The Kolbs will be in municipal court in Jefferson on Thursday night to give the court their decision after prosecutor James LaSala offered them one week to decide whether to forfeit the dogs before he proceeded with a motion that could include euthanization of the animals.

Court records indicate that the dogs knocked over a woman and her grandchild in Jersey City in 2008, and bit people twice in 2009.

Kolb said she has explanations for each incident, and believes that her dogs were not at fault in any of the Hudson County cases.

In October 2011, the Kolbs agreed to move the dogs to their current residence in Oak Ridge. State law required specific fencing, an enclosure and signage be erected at the home, and the dogs could only be out in public if muzzled and secured on three-foot leashes.

However, according to Jefferson police, the Kolbs were cited for walking the dogs without a muzzle on Oct. 18, 2011, putting them in contempt of the agreement they had signed.

Kolb explained that on the morning in question, Jumba removed his muzzle because a bear was nearby and he panicked. Imani’s muzzle was on the whole time police were present, she said.
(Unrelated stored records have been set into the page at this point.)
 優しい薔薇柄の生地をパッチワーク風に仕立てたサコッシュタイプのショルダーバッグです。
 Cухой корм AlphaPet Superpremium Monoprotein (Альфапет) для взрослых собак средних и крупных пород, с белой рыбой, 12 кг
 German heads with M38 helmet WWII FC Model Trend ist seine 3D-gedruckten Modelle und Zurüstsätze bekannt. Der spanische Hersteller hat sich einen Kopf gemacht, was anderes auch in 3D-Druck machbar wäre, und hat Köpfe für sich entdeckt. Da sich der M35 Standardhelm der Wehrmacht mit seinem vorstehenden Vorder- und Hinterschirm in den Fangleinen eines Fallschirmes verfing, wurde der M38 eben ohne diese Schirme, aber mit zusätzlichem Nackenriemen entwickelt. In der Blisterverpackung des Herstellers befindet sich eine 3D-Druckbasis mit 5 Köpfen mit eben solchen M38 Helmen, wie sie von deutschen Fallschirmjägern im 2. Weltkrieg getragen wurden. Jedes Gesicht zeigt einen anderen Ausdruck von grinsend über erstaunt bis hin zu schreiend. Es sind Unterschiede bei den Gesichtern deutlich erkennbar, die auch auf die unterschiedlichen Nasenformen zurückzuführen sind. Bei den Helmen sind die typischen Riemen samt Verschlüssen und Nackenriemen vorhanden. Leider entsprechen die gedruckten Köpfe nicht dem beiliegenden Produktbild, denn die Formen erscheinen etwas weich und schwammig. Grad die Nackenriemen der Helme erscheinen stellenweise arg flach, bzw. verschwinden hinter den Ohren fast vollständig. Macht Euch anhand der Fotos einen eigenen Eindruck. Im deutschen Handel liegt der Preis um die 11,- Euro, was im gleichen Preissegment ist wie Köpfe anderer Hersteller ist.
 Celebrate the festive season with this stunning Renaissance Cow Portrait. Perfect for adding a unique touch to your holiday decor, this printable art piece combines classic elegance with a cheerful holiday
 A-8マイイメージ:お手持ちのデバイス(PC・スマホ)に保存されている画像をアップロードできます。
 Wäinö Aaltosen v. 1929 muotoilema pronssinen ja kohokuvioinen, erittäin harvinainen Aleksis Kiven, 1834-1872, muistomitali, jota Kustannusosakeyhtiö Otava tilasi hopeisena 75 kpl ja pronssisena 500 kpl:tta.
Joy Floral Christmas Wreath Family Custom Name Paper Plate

“We have complied with every point of the agreement,” Kolb said. “The police even came and inspect our house to be sure everything was in order so the neighbors were comfortable. We even had a police escort out of Jersey City.”

Jefferson Mayor Russell Felter contended that township officials didn’t know the dogs were coming until well after they’d arrived.

“We inspected the house after the incident last October, but not before,” he said.

“It’s just shocking to me the way the town is lying,” Kolb said.

Jumba and Imani currently reside at Woofs N Whiskers in Andover, and the Kolbs go visit them every day, bringing them food.

“Yet we are still charged $25 a day for their care, and I don’t understand, since we bring them food and watch them eat it,” Kolb said.

“The charge is for boarding,” Felter said. “Any place that shelters animals requires a boarding fee, and owners still have to bring food.”

 The Kolbs have to make their decision public in court on Thursday, as Judge William Bowkley told them it is time to “fish or cut bait.”

The Kolbs have not indicated what their decision will be, and their attorney Robert Dunn said he will “have a decision by the next hearing.”

The Kolbs have the right to appeal the municipal court’s decision.

“I think this is still America, and Jefferson Township doesn’t have the right to ignore all the laws of the whole country,” Kolb said.